The Landmark Trust have published a history booklet “Old Warden and the Shuttleworth Estate : the history of Old Warden told through three buildings; Warden Abbey, Queen Anne’s Summerhouse and Keeper’s Cottage”. 

Warden Abbey

Warden Abbey (now also a Landmark Trust property)

Queen Anne's Summerhouse

Queen Anne’s Summerhouse (now also a Landmark Trust property)

I was able to buy a copy from the housekeeper at Keeper’s and it tells the history, briefly, of the area from the foundation of the Cistercian Warden Abbey in 1135 to the present day  co-operation between the Shuttleworth Trust and The Landmark Trust.

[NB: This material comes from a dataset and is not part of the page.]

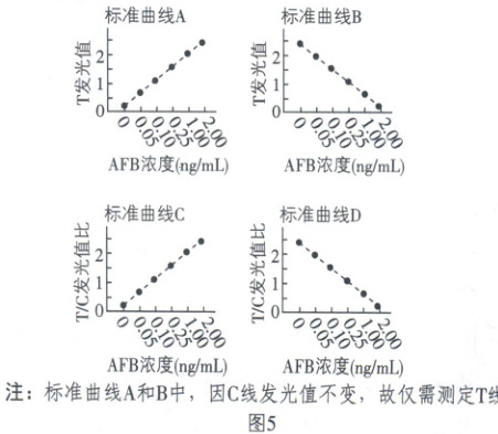 科研人员测定了 T 线、C 线的发光值,从而绘制出特定范围 AFB 浓度的线性标准曲线(如图 5),其中

The Shuttleworth Trust was set up by Dorothy Shuttleworth following the early death in 1940 during an RAF flying accident of her only  son and the squire of Old Warden, Richard Ormonde Shuttleworth. The hall became a hospital during the War and afterwards the devastated mother turned the entire estate into a charitable trust in his memory. The hall is now a College  specialising in running outdoor and country-based courses. Richard’s collection of old aeroplanes formed the original Shuttleworth Collection.

I took a walk one day to visit St Leonard’s church, in Old Warden (2 stars in Jenkins’s book). Unfortunately it’s only open at the weekend so I wasn’t able to inspect the various Ongley and Shuttleworth memorials and the 14th century window depicting an abbot in a white habit from the Cistercian Warden Abbey. But in the porch Richard is commemorated and the Ongley Mausoleum and the Shuttleworth graves lie in the churchyard.

St Leonard's Old Warden

St Leonard’s Church

Porch 1

Porch 2

The porch is a memorial to Richard Shuttleworth

The Ongley Mausoleum

Ongley notice

The Ongley Mausoleum

Shuttleworth grave

The Shuttleworth Grave

Additional Note :

Old Warden sign 2009

Village sign in 2009

Old Warden sign 2012

The Sign today in 2012

I’m not sure that I don’t prefer the older, more distinctive one.